The scratching of rough flippers on smooth skin brings me back. The world is liquid and movement. It fits in the palm of my hand. And it is paddling for home.

I want to keep this little beginning. To house her in a sink until we board a plane and somehow smuggle her into my life. I run through all the scenarios and sigh, lowering my hand into the water. All souls have their own destiny. And mine is to let go.

I place a kiss on her rubbery head. Wet and warm and alive. I whisper a blessing about long life and joy adventures, then sink my hand away. She’s paddling, already off, swimming toward a song only she can hear.

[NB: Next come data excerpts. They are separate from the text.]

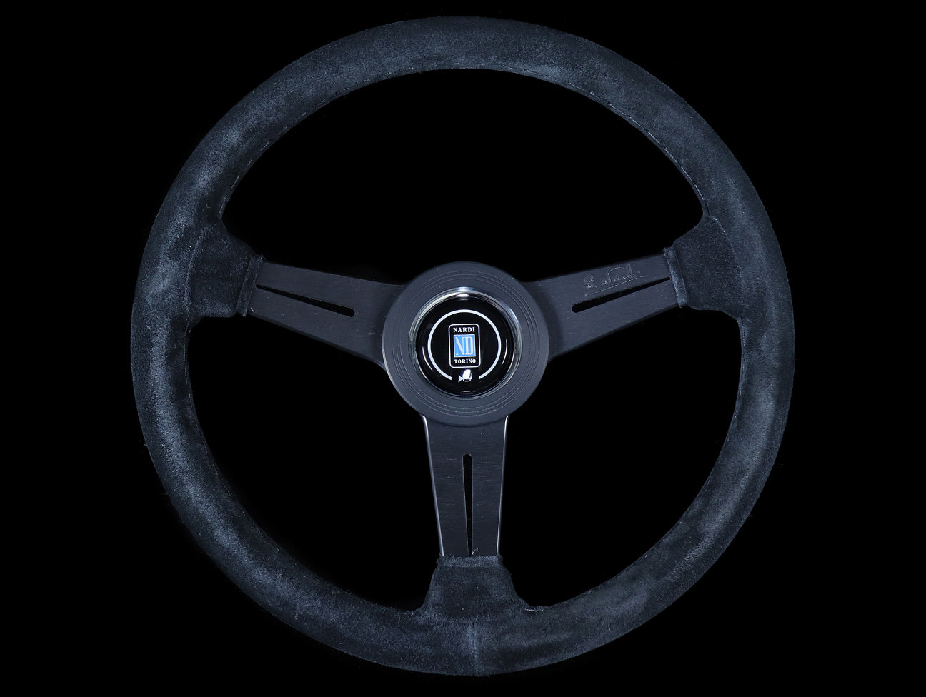 This Nardi Classic steering wheel has a black suede hand grip, black stitching, anodized black spokes, matching black center ring, mounting hardware, and Nardi horn button.
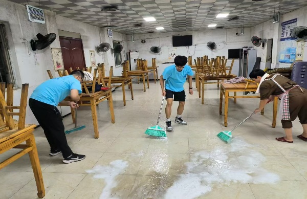 在水池边,同学戴着橡胶手套,仔细清洗着每一个碗碟。"老人家肠胃脆弱,餐具卫生要格外注意。"她一边说,一边用热水冲洗餐具。其他同学则忙着擦拭餐桌、打扫地面,确保食堂环境整洁卫生。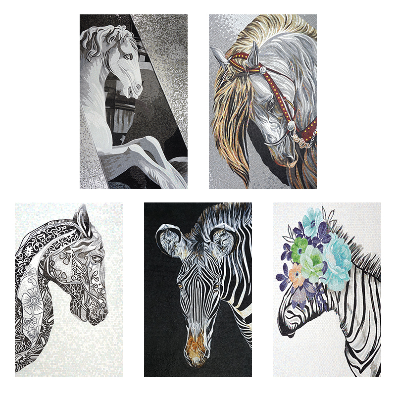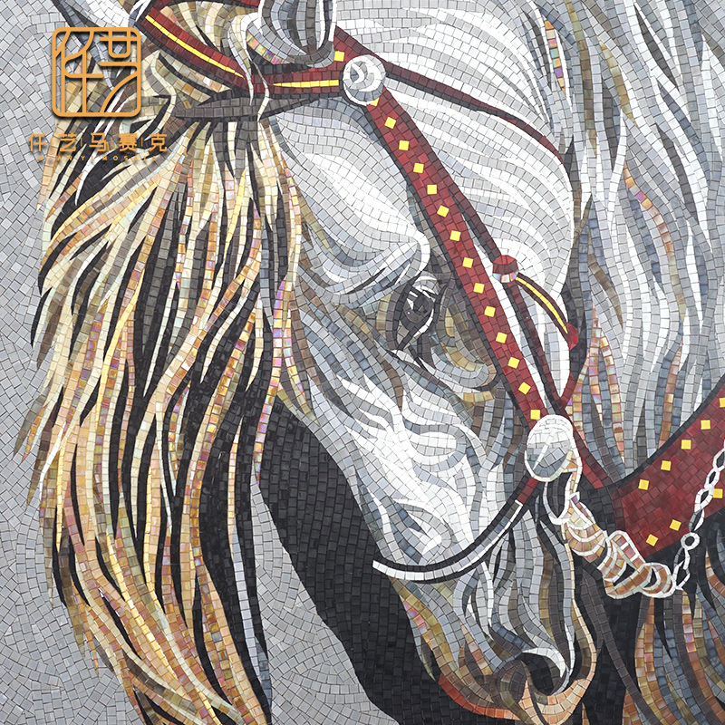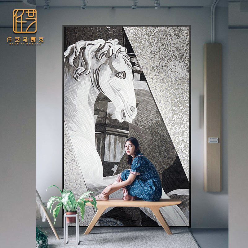 Mosaic background wall art mural clip art decorative painting living room powder room corridor porch handmade custom horse figure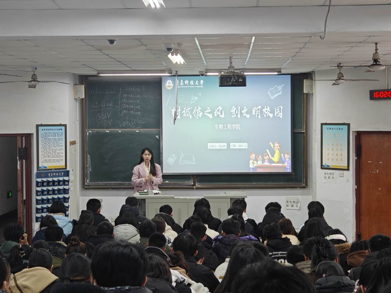 为端正考风考纪,加强学风建设,号召同学们在期末考试中自觉遵守道德规范,营造文明诚信考试的良好氛围,12月24日下午,生物工程学院在一教103举办了“树诚信之风,创文明校园”的主题教育大会,会议由辅导员刘金岭主持,2024级全体学生参加。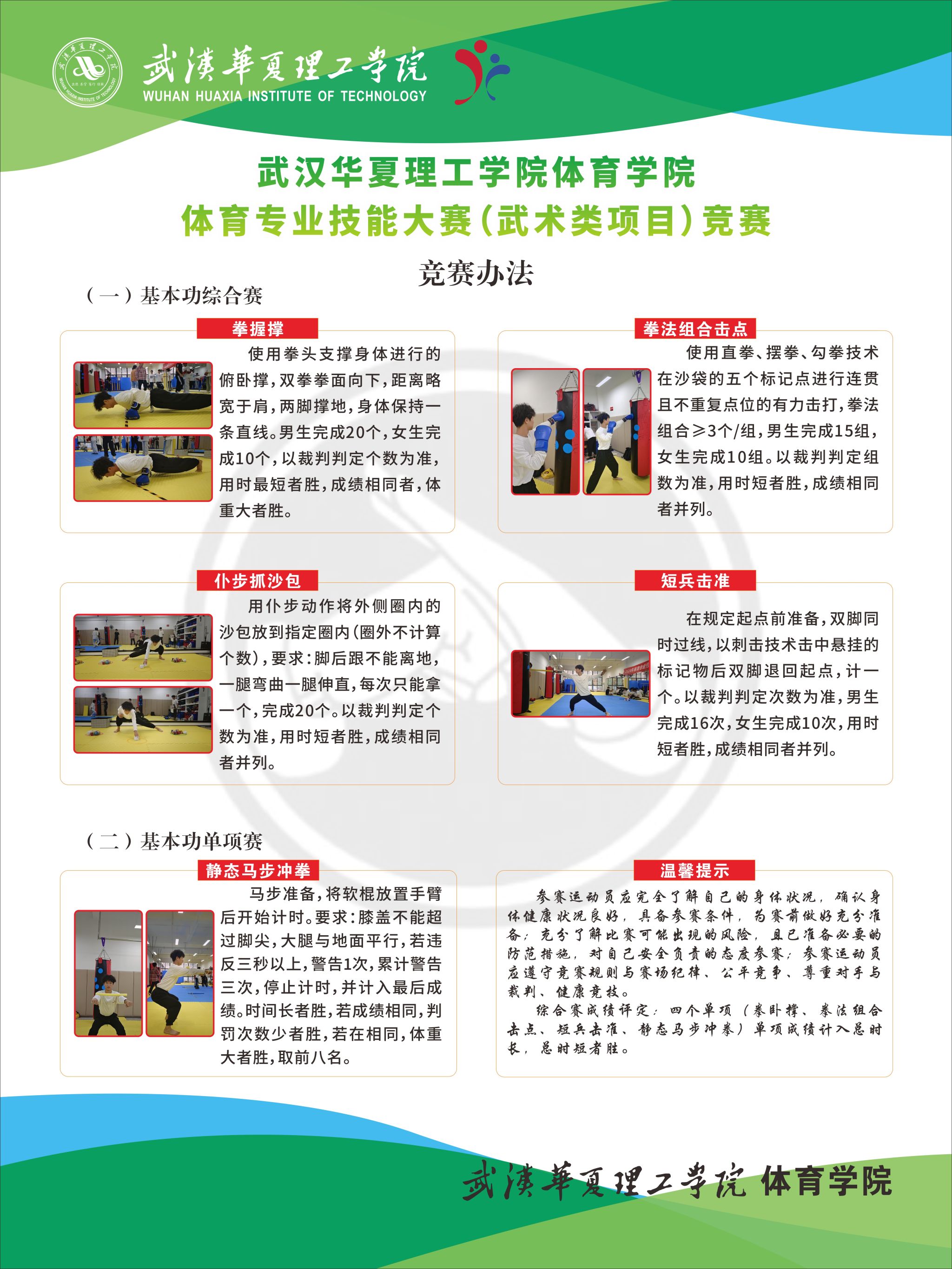 综合赛成绩评定:四个单项(拳卧撑、拳法组合击点、短兵击准、静态马步冲拳)单项成绩计入总时长,总时短者胜,男子组、女子组分别取前八名。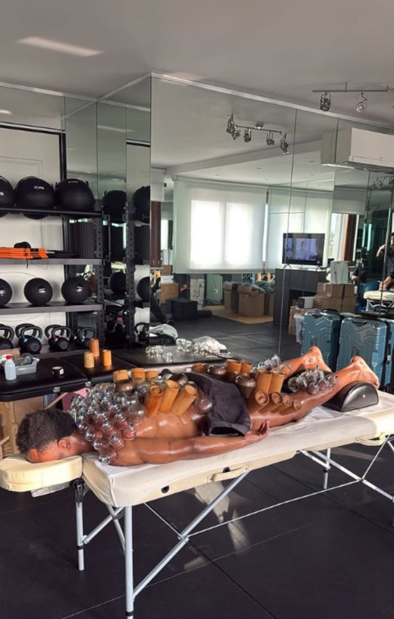 Vücuduna uygulanan hacamat tedavisi sırasında kaydedilen görüntülerde Openda’nın sırtında çok sayıda kupa bulunduğu görüldü.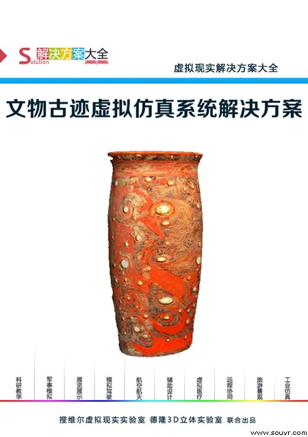 本方案由搜维尔虚拟现实实验室推出。我国是一个拥有几千年悠久历史的文明古国,通过研究古文物对了解、研究中国的历史文明有着极其重要的作用。但是文物在保存过程中,经受着两种因素的破坏,即:①人为的破坏。如古建筑、石窟寺、古墓葬被战火焚毁、被拆除或维修不当失去原貌;铜铁器、书画、竹木漆器、陶瓷等因保护、搬运不当被损坏。②风、雨、雷、电、火、地震、光线、虫害、霉菌等自然因素对文物造成的破坏。所以对具有历史价值、文化价值、科学价值的历史遗留物采取的一系列防止其受到损害的措施是十分必要的。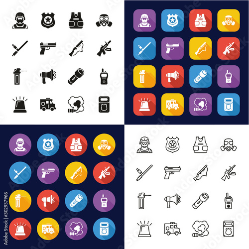 © Bakai, Fototapeta premium SWAT Team Icons All in One Icons -Black & White-Color Flat Design-Thin Line- Set
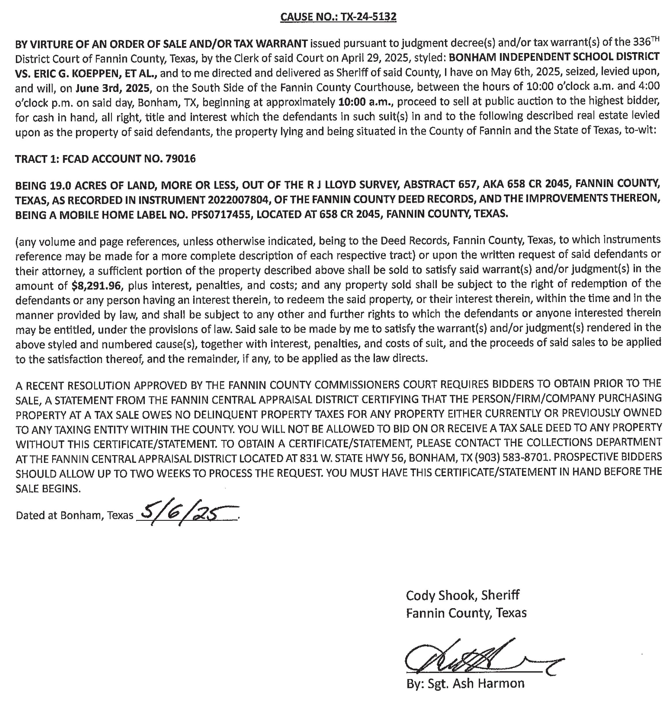 sale of County property –County Judge for Angel Titsworth, Weichert Realtors. This agenda item was passed by Commissioners Court. The remaining properties owned by the County remaining in the City of Bonham were deemed as “slim pickings,” very small lots with low value.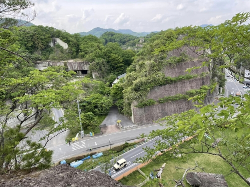 山頂には記念碑があり、頂上周辺からは眺望もあって大谷石の岩壁や大谷公園を一望することができます。

Something bumps against my ribs, as Silas whispers urgently,  “Look!” Two, three, four, twelve. Little dark shapes moving through darkening water. I pick up each one I can reach. Kiss their heads. Let them go. And now I am swimming with them, keeping pace as we move out, out, out ‘til my arms grow tired. Then I’m just watching them as they disappear, no longer distinguishable in the shifts of twilight.

I roll over onto my back and let the water hold me.

One day, one of them will outlive me. She will outgrow my pain, outweigh my sadness. She will swim and play and feed and come ashore to birth someone else’s hope.

But tonight, the world is liquid and I am floating in a sea of tiny miracles.




  1. Elaine Sonne says:

    Bless us all who have to part with those we love so much. My dream is that we will all meet again – alive and well and living in eternity. This quote from Falkner comforts me. I hope it does that for you too. “The past is never dead. It isn’t even past.”

  2. Jaime Jeffer says:

    A truly beautiful and moving tribute for a lovely little soul. Thank you for sharing this.